INVESTIGADORES
MARTIN Pablo Rafael
artículos
Título:
Shell interpopulation variation and its origin in Pomacea canaliculata (Gastropoda: Ampullariidae) from Southwestern Buenos Aires Province, Argentina
Autor/es:
ESTEBENET, ALEJANDRA; MARTÍN, PABLO
Revista:
JOURNAL OF MOLLUSCAN STUDIES
Editorial:
Oxford University Press
Referencias:
Lugar: Oxford; Año: 2003 vol. 69 p. 301 - 310
ISSN:
0260-1230
Resumen:
Despite its widely recognized conchological variation, studies on shell variability of Pomacea canaliculata are limited to its sexual and ontogenetic components. Here we analyse the interpopulation variation in conchological and somatic traits and sex-related growth patterns of P. canaliculata to determine if it is ecophenotypically or genetically determined. P. canaliculata showed variation in shell shape, shell and body weight and body ash content among populations from three environmentally different sites. Shell shape was also different when snails from the three sources were reared under homogeneous laboratory conditions, indicating a genetic basis for the differences. Shell shapes of laboratory snails differed from their field counterparts, suggesting an environmental influence on shape. Genetic differentiation of shell shape among the studied populations does not seem to be the outcome of adaptation to local conditions or of genetic drift, but is probably a side-effect of the adaptive differentiation in some life-history traits. On the other hand, weight and ash content differences disappeared under homogeneous conditions, suggesting that their variation is mainly ecophenotypic. Variability in shell thickness, body weight and ash content seems to be more related to trophic availability than to water chemistry. In the laboratory, females showed slightly higher growth rates than males, but these inter-sex differences differed among snails from the three sources.

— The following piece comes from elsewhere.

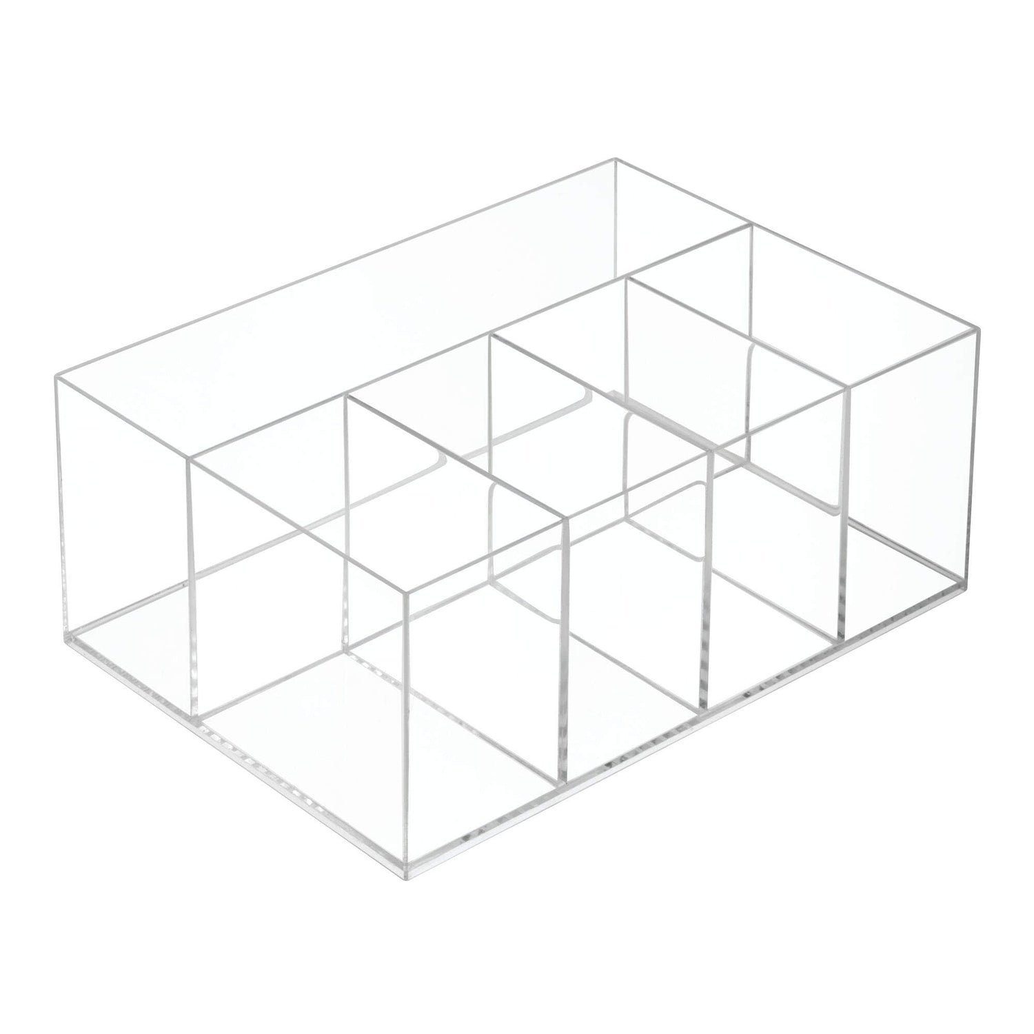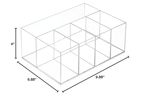 Details: Make the most of your storage space with the iDesign Clarity Divided Vanity Organizer. This divided organizer features five compartments to store and organize taller items such as makeup, cosmetics, brushes, skincare, lotions, soaps, and more on bathroom and vanity countertops. The transparent plastic sides and open top ensure contents are always visible and accessible, and the modular design can be paired with additional Clarity organizers (sold separately) to offer customized storage. This versatile organizer can also be used in the bedroom, closet, office, kitchen, pantry, or in any room around the home that you need additional organization. Made with durable BPA-free clear plastic, this organizer is made to last and is easy to clean with mild soap and water. Measuring 9.88" x 6.88" x 4", it creates instant organization in compact spaces. With iDesign by InterDesign, you can #LiveSimply every day.

However, shell length was not different between sexes in the field, probably due to a deeper effect of food shortage on female growth. The widespread pattern that shells of freshwater snails from different environments are different has been attributed mostly to cumulative environmental effects or to adaptation to local conditions. However, we suggest that different shell shapes could arise as a collateral outcome of genetically different reproductive behaviours and that it would be misleading to study the shell as a trait exposed separately to selective pressures or environmental influences.